El centro ha muerto, viva el centro © Wilson Borja

“Durante muitos anos, foi o lugar onde as coisas aconteciam”, escreve a autora argentina Natalia Laube sobre suas memórias do centro portenho, o coração de sua cidade, Buenos Aires.

Minha memória sempre foi meio nebulosa, mas com um pouco de esforço consigo montar uma lista de pelo menos cinco, seis recordações nítidas que têm o centro da cidade de Buenos Aires como localização privilegiada. É um alívio ver que elas existem, caso contrário, dificilmente eu poderia continuar me vangloriando da minha “portenhalidade” (algo de que, devo admitir, costumo me gabar: tentei morar em outras cidades do mundo, mas nunca consegui me livrar da ideia de que esta é uma das melhores, além de ser a que melhor me convém).

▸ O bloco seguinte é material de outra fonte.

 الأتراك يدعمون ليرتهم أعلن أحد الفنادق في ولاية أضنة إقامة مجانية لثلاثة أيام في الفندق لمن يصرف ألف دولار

Não há pessoa nascida e criada aqui, como eu, que não tenha ao menos um punhado de grandes anedotas de infância ou adolescência vinculadas ao centro de Buenos Aires. Ou, pelo menos, não há dentro da minha geração nem daquelas que me antecederam: o centro foi, durante muitos anos, o lugar onde as coisas aconteciam – tanto as de lazer, quanto as de negócios. Algo, no entanto, está mudando: já faz algum tempo que o centro – é bom esclarecer que não se trata do centro geográfico da minha cidade – parece estar se convertendo em periferia.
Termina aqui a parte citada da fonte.